Мы с Георгом идем по Мариенштрассе.

— Как странно, что Вацеку дали трепку именно я и Ризенфельд, — говорю я. — А не ты. Ведь было бы естественнее, если бы дрались друг с другом вы!

— Конечно, но это было бы более несправедливо.

— Несправедливо? — удивляюсь я.

— Ну, в более сложном смысле. Сейчас я слишком устал, чтобы объяснять. Мужчинам, которые уже полысели, не следовало бы драться. Им следовало бы философствовать.

— Тогда тебе предстоит очень одинокая жизнь. Кажется, в воздухе вообще запахло драками.

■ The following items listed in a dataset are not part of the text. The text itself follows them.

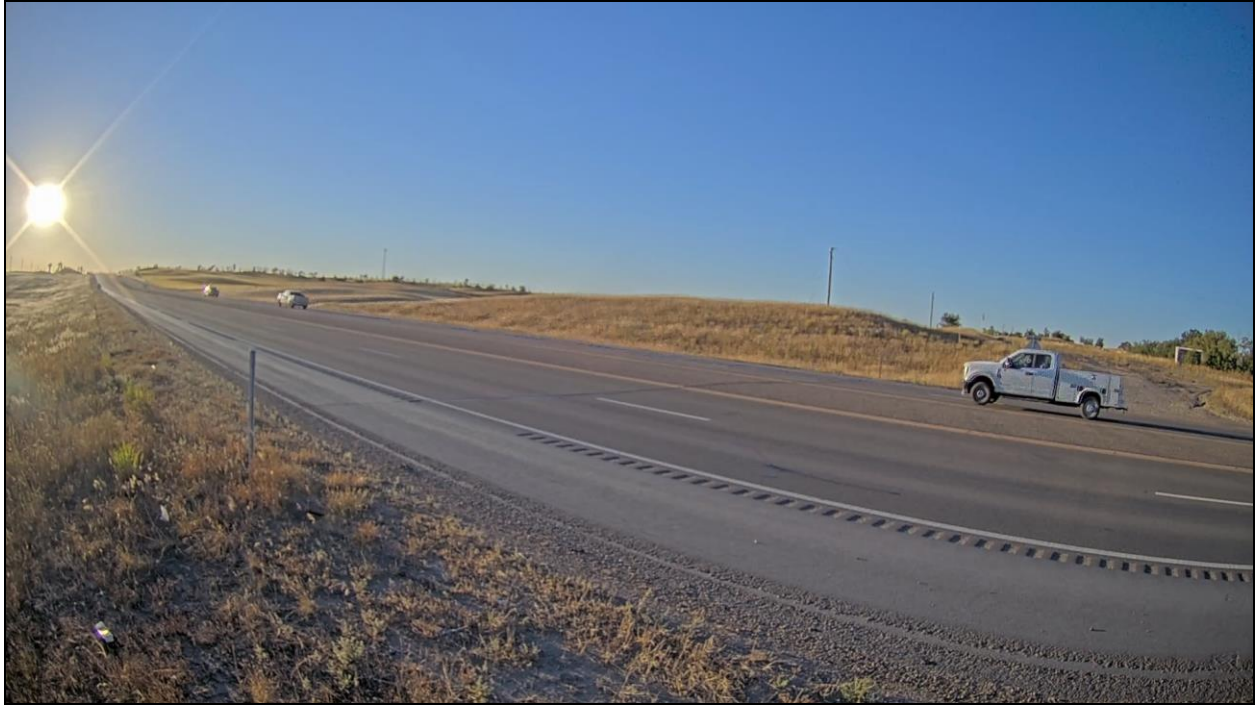
Figure 9. Example of a commercial vehicle with utility body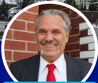
Mayor Nick Guccione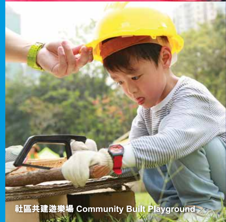
社區共建遊樂場 Community Built Playground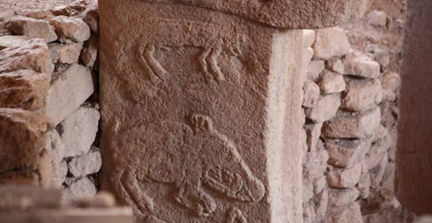
ABOVE: Stone pillar with relief sculptures of a male boar and quadruped from Göbekli Tepe.

the meaning of depictions like this remains unknown, it is clear that they exceed simple decorative purposes. The complex iconography hints at important mythological content.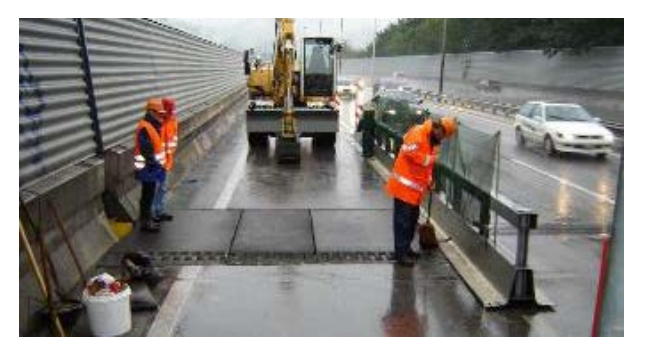
Figure 11. Early on Monday morning, site cleared to allow lane to be re-opened to traffic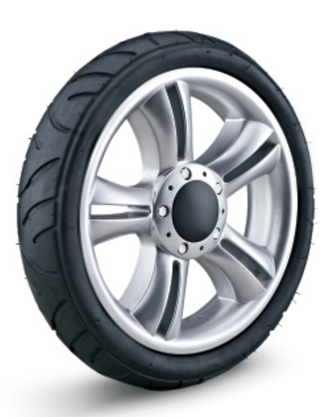
YS-309 series 凌志輪(打氣胎)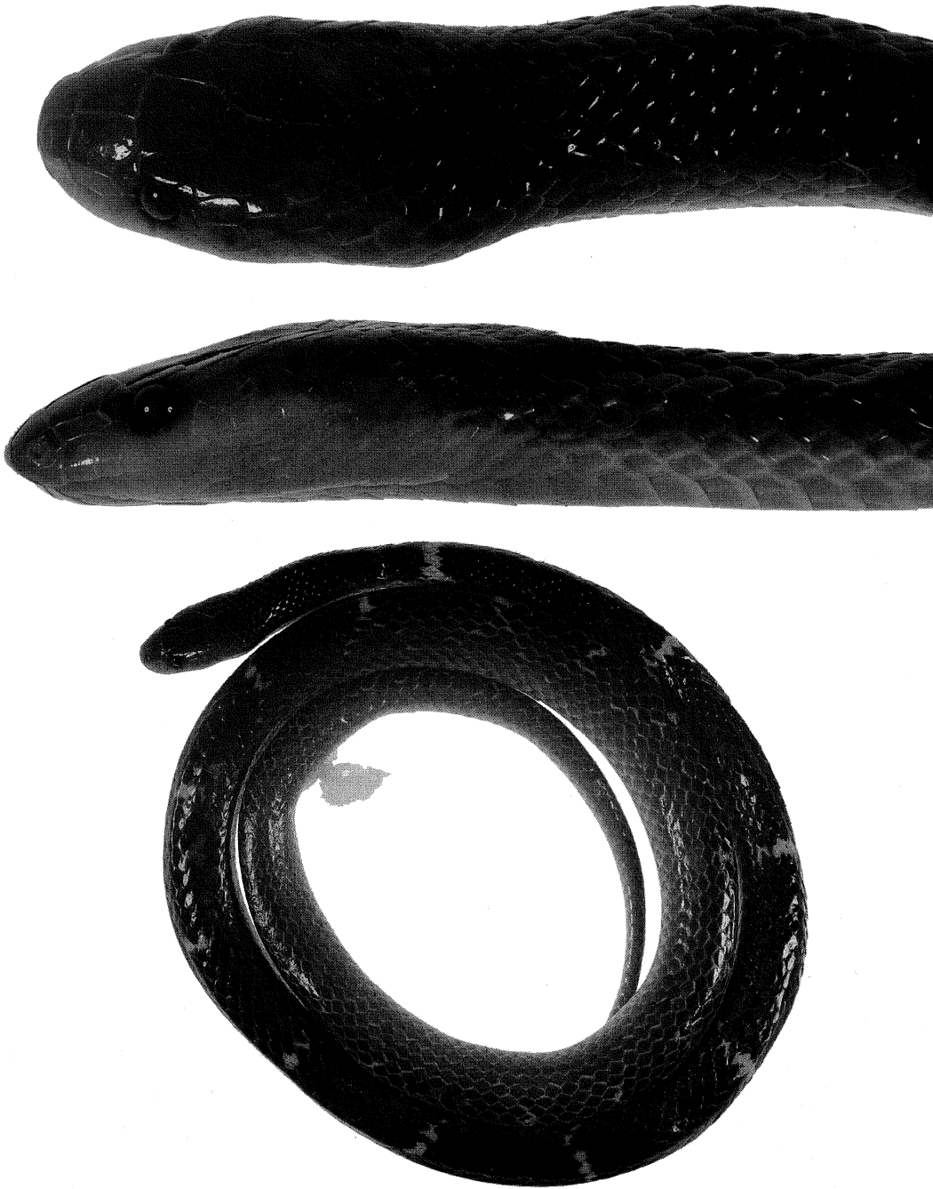
FIGURE 1. The holotype (CAS 210323) of Lycodon zawi .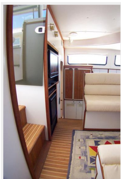
Entrance into Salon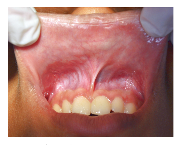
Figure 6. Twelve-month postoperative appearance.

Supplementary tests such as ultrasonography with Doppler may be needed to determine the nature of the blood supply to the lesion (arterial or venous), and can also aid with diagnosis. 5 The ultrasonography examination requested for the case described above confirmed the suspicion of hemangioma. The Doppler study revealed discreetly dilated vessels with low resistance flow and identified the lesion as venous in nature.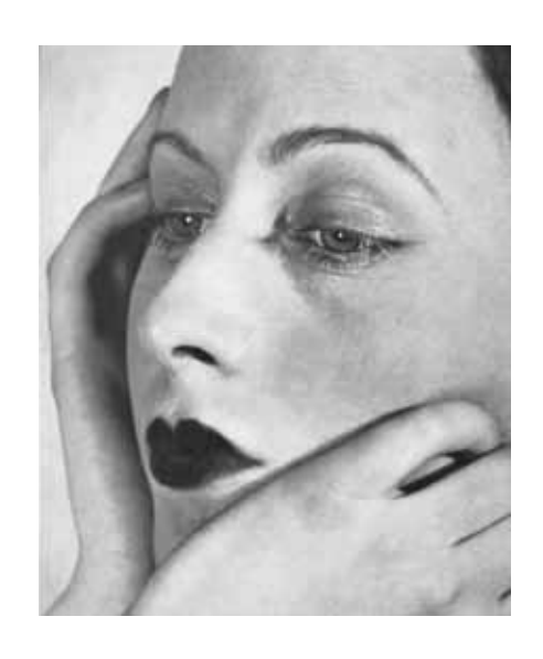
Florence Henri Portrait. Composition. Cora, c. 1930

In some areas, however, in spite of enormous promise and progress in thinking, change was slow. While questions of suffrage, family and domestic life, work and wages, were being debated in nation states throughout postwar Europe, and while in some cases women's suffrage was achieved, progress was far from uniform. The economic depression of the 1930s did little to help the situation. Then, as now, women bore the brunt of the financial downturn. In France, the new woman in search of economic, political, cultural and sexual liberation, built up by the media in the 1920s, was subsequently frowned upon, by the same commentators, for her decadence. Pro-natal campaigns were

— Не думаю. Какой-то отвратительный карнавал кончился. Разве сейчас все не напоминает космический великий пост? Гигантский мыльный пузырь лопнул.

— И? — говорю я.

— И? — повторяет он.

— Кто-нибудь пустит новый мыльный пузырь, еще огромнее.

— Все может быть.

Мы стоим в саду. Серо-молочное утро как будто омывает кресты. Появляется невыспавшаяся младшая дочь Кнопфа. Она ждала нас.

— Отец сказал, что за двенадцать биллионов вы можете взять обратно его памятник.

— Скажите ему, что мы предлагаем восемь марок. Да и это только до полудня. Теперь деньги будут в обрез.

— Что такое? — спрашивает Кнопф из своей спальни — он подслушивал.

— Восемь марок, господин Кнопф. А после обеда только шесть. Курс падает. Кто бы подумал? Вместо того, чтобы подниматься!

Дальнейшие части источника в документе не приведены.